# Bitmap/ANSI Font Installation Help.



## ek (Mar 14, 2013)

So, I've been looking around on Google and in the FreeBSD Handbook for the last two days in an attempt to get a single font (smoothansi) to be usable in my terminal (xterm, aterm). However, everything I've tried has not worked.

A while back, I remember adding a font to be as easy as:
1) Place font in ${LOCALBASE}/X11/fonts/whatever directory
2) Run an [cmd=]mkfontdir[/cmd] command in said directory
3) Run an [cmd=]xset fp+ /path/to/said/directory[/cmd]
4) Run an [cmd=]xset fp rehash[/cmd] command
5) Restart X

This, however, does not seem to be the case any longer. There are XML files to create/edit as well as some other stuff inside ${LOCALBASE}/etc/fonts that needs to be enabled/edited. Aside from trying the above steps, I've also added the font directory to my Xorg.conf file, I've placed the file in my ~/.fonts directory and ran an [cmd=]fc-cache -v -f[/cmd] and it seems to add it without any issue. I've installed x11-fonts/xfontsel which also sees the font as available, yet when I run [cmd=]aterm -fn smoothansi[/cmd] I get the following error aterm: can't load font "smoothansi". I'm completely stumped as to why I am unable to use this font.

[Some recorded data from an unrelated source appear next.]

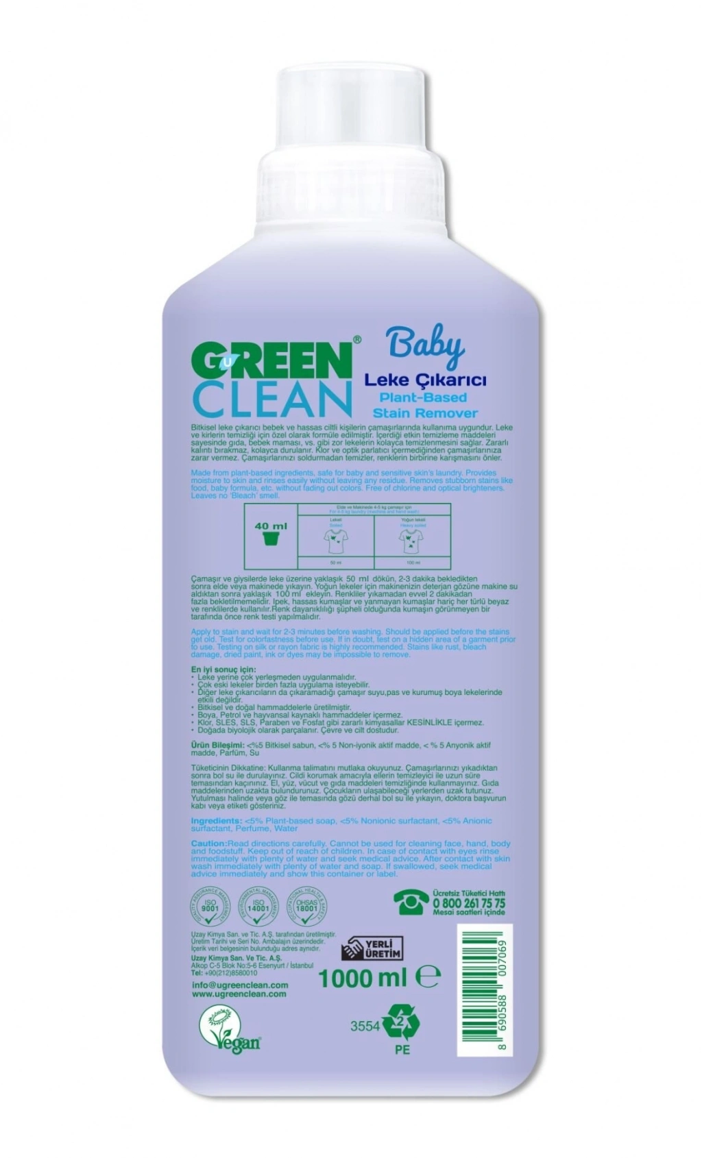 U Green Clean Baby Bitkisel Leke Çıkarıcı, bebek ve hassas ciltli kişilerin çamaşırlarında kullanıma uygundur.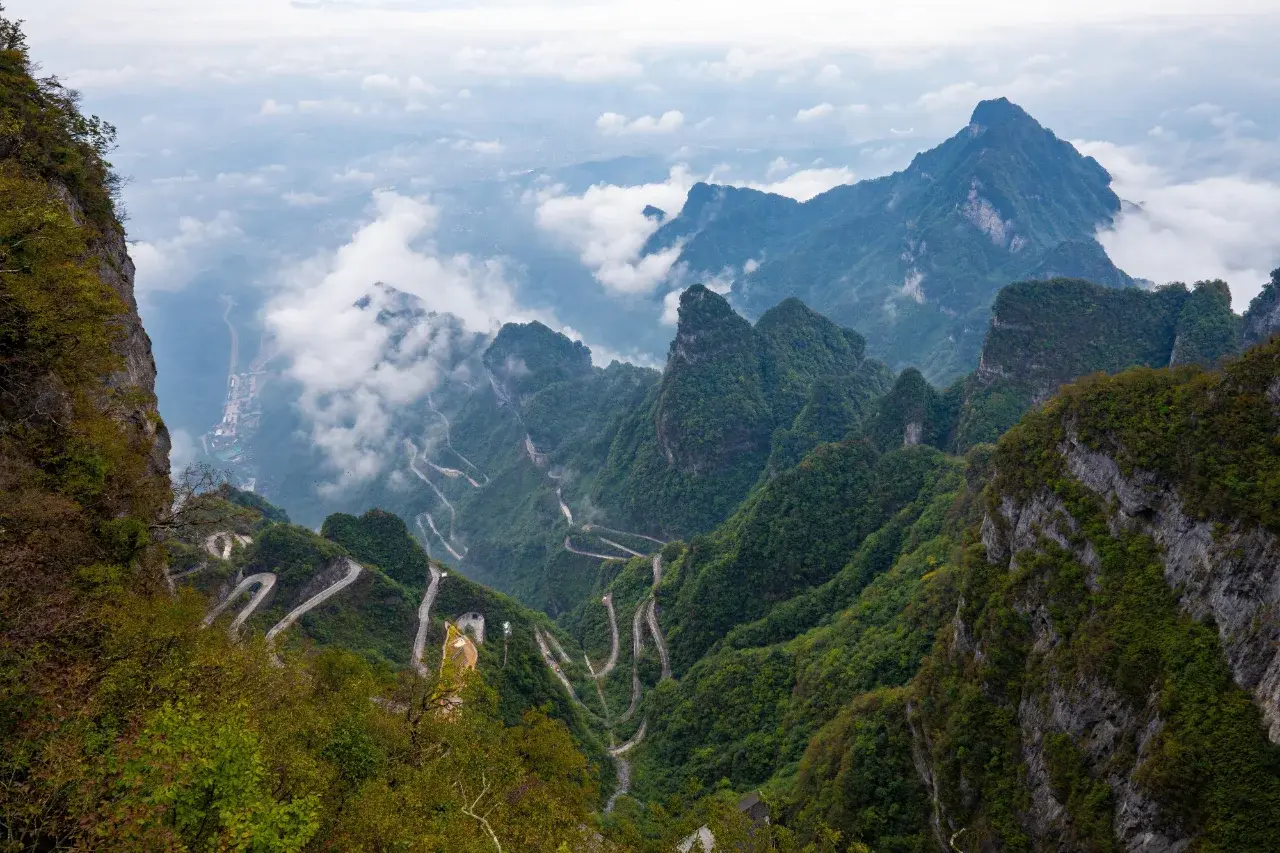 อีกหนึ่งประสบการณ์ที่พลาดไม่ได้คือ กระเช้าลอยฟ้าเทียนเหมินซาน ซึ่งขึ้นชื่อว่าเป็นกระเช้าสำหรับภูเขาที่มีระยะทางยาวที่สุดในโลก ความยาวกว่า 7.5 กิโลเมตร การนั่งกระเช้าค่อย ๆ ลอยผ่านภูเขา ป่า และหุบเขาลึกด้านล่าง เป็นอะไรที่ทั้งตื่นเต้นและงดงามในเวลาเดียวกัน ยิ่งมองลงไปเห็น ถนน 99 โค้ง ที่คดเคี้ยวเหมือนงูเลื้อยอยู่ด้านล่าง ยิ่งทำให้รู้สึกว่าธรรมชาติช่างออกแบบอะไรได้อลังการเหลือเกิน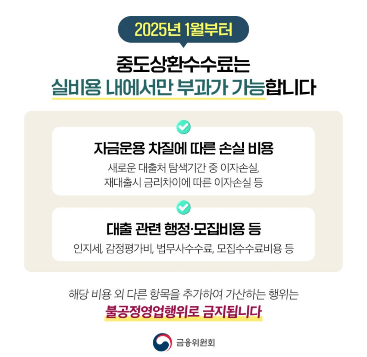 이에 금융위원회는 대출금 중도상환 時 ➊자금운용 차질에 따른 손실 비용, ➋대출 관련 행정·모집비용 등 실비용 內*에서만 중도상환수수료를 부과토록 하며 同 비용 外에 다른 항목을 추가하여 가산하는 행위는「금소법」상 불공정영업행위로 금지하도록 금소법감독규정(§14➅9호)을 개정하였습니다.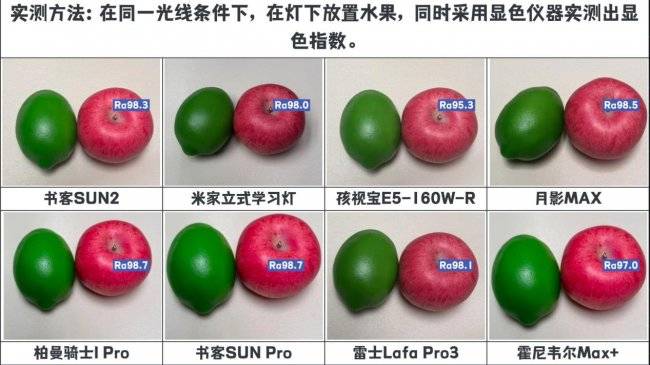 其次是第二梯队的书客SUN2、月影MAX、雷士Lada Pro3以及米家立式学习灯;这4款护眼灯实际显色指数在Ra98以上,色彩还原度高。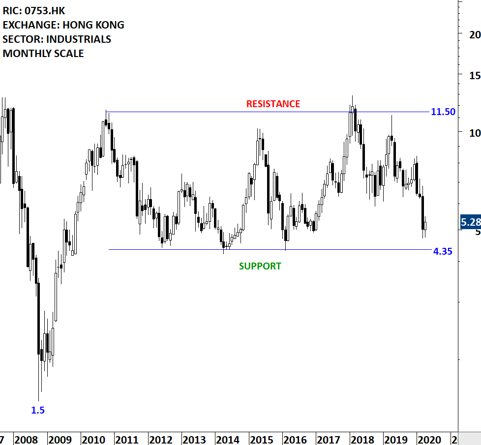 Air China Limited is a China-based company principally engaged in the provision of air passenger transportation, freight transportation, postal transportation and maintenance services in Mainland China, Hong Kong, Macau and foreign regions. The Company is also engaged in domestic and international business aviation businesses, plane business, aircraft maintenance, airlines business agents, ground and air express services related to main businesses, duty free on boards, retail business on boards and aviation accident insurance sales agents business. The stock is listed on the Hong Kong Stock Exchange. Price chart formed a decade-long rectangle with the horizontal boundary acting as strong support at 4.35 levels. The horizontal boundary was tested several times over the course of the chart pattern. Given the Global pandemic and its effects, it is hard to justify a long trade idea in the airline industry. However, the levels Air China is testing can offer a long-term opportunity. (Learn more: Support & Resistance)
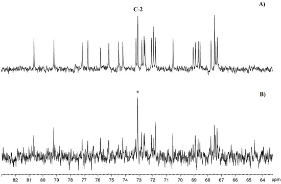 | 1 | CH2 | 67.6 | 3.55, m; 3.59, m | 67.1 | 3.44, dd, 11.0, 6.3; 3.51, m | 33 | CH | 72.7 | 3.87, dd, 9.0, 2.0 | 72.4 | 3.70, m |

The font, if anyone is interested, is located at http://ww2.purplehat.org/~ek/files/smoothansi.pcf.gz 

Can someone please help me figure out what I need to do in order to use this font in X?

Thanks,
Janketh Jay


----------



## dh (Mar 14, 2013)

Restarting X will undo your [cmd=]xset[/cmd] commands. You should add those [cmd=]xset[/cmd] commands to your ~/.xinitrc file.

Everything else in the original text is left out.